* [Records excerpted from a collection]
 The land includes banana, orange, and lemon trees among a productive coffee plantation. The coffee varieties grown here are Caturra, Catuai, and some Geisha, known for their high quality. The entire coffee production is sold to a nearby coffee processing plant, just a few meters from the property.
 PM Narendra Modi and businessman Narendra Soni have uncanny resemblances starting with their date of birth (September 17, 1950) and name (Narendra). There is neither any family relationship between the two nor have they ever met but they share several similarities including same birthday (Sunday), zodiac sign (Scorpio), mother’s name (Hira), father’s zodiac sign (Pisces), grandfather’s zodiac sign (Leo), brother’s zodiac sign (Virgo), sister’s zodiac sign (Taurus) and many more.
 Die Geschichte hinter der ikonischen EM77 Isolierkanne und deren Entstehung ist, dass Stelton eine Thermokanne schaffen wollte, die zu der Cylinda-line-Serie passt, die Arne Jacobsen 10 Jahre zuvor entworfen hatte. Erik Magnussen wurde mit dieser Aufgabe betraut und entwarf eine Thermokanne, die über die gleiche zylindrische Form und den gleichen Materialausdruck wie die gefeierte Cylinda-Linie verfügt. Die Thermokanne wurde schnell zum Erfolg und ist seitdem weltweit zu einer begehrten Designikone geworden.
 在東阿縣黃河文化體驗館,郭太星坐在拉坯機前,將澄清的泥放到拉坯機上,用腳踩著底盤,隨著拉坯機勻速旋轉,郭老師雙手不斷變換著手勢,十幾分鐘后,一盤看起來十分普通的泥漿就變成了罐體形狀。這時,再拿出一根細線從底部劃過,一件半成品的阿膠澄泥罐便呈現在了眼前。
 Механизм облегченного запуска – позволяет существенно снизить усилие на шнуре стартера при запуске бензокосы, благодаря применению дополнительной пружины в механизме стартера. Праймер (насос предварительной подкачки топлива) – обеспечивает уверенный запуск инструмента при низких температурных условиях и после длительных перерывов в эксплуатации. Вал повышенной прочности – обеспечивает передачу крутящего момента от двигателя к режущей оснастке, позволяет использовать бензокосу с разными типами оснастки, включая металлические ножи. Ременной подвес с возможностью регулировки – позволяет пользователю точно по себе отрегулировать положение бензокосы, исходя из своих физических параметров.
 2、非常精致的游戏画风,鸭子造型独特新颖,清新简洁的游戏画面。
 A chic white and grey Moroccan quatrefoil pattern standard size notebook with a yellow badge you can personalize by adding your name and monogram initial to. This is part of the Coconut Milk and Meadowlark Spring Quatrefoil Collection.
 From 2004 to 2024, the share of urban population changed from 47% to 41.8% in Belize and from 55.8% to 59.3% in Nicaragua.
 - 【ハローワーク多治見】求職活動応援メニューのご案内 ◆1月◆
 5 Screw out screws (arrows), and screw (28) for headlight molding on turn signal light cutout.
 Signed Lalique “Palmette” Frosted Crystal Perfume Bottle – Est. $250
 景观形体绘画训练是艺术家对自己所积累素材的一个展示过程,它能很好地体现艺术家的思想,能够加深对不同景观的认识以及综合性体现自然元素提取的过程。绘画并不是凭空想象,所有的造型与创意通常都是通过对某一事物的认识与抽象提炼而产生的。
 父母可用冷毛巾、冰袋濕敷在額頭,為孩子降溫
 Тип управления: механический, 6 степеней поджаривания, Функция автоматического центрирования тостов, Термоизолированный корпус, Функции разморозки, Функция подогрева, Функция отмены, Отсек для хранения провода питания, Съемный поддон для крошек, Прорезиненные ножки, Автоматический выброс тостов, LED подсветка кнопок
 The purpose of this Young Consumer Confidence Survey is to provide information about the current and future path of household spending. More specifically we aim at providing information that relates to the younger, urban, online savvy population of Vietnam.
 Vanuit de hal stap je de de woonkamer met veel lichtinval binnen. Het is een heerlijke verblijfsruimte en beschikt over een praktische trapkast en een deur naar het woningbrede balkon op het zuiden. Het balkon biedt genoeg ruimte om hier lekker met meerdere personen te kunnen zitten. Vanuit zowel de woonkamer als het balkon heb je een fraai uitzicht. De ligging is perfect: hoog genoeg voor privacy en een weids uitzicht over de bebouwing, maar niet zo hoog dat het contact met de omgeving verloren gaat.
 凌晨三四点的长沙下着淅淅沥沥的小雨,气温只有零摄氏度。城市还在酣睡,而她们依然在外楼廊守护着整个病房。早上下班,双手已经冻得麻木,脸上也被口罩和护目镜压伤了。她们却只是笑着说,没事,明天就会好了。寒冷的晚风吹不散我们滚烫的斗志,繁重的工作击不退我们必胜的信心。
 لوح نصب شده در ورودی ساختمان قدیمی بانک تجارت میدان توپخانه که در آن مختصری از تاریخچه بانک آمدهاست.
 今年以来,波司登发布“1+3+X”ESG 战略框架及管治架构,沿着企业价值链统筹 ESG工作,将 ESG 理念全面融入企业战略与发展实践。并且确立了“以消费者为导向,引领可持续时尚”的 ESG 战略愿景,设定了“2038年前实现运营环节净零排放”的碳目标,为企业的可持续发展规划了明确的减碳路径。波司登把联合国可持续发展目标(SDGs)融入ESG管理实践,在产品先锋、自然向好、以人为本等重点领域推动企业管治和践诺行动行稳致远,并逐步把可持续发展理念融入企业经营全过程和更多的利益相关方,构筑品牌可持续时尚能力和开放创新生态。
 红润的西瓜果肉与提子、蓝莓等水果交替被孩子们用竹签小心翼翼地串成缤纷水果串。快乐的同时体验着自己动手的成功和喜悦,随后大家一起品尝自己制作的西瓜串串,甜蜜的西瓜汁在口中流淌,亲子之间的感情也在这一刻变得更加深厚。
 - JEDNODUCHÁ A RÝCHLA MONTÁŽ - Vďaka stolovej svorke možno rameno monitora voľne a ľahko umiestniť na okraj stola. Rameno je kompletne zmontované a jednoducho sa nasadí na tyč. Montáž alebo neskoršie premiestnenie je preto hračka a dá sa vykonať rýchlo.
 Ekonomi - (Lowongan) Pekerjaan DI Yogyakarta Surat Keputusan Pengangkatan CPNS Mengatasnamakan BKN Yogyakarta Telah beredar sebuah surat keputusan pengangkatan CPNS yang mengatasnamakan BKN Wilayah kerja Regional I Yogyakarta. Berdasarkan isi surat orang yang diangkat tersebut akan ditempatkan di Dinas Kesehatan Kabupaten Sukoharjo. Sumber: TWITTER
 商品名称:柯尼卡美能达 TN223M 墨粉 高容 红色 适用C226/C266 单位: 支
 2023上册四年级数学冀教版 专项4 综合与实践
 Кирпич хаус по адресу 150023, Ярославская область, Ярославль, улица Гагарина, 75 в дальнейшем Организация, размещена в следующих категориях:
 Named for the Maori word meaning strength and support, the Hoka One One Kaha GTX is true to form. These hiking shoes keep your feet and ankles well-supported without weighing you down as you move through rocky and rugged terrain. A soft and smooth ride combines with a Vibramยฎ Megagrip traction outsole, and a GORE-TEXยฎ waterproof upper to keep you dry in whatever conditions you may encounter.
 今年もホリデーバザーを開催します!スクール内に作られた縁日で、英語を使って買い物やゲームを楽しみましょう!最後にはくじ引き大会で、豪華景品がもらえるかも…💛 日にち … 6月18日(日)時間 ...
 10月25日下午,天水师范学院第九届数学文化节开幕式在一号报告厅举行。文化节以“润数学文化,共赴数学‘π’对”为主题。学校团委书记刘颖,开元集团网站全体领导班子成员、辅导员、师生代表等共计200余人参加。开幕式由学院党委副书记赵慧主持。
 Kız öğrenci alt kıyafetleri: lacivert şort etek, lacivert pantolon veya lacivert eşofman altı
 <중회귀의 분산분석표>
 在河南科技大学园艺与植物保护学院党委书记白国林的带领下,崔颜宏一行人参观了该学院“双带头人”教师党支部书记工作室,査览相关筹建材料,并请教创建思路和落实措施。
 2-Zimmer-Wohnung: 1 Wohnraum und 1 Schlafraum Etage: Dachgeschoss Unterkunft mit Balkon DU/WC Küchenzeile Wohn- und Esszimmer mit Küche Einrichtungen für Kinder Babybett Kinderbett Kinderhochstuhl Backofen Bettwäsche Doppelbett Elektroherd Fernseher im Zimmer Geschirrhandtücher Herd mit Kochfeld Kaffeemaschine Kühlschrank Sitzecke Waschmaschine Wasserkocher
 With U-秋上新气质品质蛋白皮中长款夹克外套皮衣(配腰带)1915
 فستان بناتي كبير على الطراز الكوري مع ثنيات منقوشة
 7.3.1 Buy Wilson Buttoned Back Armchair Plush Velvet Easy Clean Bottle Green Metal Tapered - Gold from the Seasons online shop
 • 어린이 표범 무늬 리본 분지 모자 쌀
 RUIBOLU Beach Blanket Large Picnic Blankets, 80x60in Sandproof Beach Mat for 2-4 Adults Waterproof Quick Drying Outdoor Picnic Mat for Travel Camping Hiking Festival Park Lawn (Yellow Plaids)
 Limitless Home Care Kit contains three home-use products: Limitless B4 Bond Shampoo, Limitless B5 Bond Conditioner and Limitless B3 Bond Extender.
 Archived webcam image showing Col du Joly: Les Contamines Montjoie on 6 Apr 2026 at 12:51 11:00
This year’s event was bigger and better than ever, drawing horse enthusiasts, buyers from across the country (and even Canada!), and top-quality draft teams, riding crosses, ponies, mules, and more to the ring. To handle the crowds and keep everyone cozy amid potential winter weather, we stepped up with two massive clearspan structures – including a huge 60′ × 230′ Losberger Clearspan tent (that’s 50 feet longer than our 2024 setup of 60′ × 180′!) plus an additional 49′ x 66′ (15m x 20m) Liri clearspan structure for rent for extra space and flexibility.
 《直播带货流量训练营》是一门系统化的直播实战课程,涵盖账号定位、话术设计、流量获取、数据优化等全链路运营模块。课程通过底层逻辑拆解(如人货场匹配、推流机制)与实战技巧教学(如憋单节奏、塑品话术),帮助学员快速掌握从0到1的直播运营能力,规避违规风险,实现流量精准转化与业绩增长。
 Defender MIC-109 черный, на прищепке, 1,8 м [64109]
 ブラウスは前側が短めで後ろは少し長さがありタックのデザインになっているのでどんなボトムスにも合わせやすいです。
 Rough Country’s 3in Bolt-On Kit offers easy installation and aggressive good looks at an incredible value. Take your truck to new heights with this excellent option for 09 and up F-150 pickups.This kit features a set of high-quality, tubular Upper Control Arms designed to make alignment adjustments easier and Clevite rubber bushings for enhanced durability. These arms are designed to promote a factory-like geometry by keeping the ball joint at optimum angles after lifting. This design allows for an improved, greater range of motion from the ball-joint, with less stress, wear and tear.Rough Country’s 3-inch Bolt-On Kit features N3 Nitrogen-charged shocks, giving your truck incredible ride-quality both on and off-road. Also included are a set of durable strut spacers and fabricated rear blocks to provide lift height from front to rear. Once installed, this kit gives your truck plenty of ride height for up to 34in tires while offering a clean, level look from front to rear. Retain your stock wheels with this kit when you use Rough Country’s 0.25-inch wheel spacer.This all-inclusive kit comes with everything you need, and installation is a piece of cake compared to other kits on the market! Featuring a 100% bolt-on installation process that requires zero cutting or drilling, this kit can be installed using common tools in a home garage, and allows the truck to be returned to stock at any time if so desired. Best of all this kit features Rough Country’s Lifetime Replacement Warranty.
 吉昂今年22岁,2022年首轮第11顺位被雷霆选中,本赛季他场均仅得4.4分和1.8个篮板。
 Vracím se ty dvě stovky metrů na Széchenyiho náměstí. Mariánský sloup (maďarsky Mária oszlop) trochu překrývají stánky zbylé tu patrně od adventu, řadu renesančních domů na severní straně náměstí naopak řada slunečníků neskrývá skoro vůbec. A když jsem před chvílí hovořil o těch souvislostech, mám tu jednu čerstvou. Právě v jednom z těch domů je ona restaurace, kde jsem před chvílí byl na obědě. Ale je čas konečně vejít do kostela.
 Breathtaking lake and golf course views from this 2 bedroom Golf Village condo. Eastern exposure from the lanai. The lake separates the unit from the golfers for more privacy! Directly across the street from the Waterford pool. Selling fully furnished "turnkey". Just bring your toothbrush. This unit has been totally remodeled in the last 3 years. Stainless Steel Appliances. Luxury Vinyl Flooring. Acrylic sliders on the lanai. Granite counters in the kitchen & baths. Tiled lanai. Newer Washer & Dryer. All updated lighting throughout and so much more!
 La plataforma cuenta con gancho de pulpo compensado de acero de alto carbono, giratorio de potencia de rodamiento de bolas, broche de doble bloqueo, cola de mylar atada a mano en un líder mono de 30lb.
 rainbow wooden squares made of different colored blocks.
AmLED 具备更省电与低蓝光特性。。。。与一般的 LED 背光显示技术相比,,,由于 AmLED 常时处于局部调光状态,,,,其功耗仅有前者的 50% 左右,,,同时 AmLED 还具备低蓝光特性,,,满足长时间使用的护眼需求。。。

* [Exercise]
Show the lines of the records that include the string "Bottle".

* [Written response]
 Signed Lalique “Palmette” Frosted Crystal Perfume Bottle – Est. $250
 7.3.1 Buy Wilson Buttoned Back Armchair Plush Velvet Easy Clean Bottle Green Metal Tapered - Gold from the Seasons online shop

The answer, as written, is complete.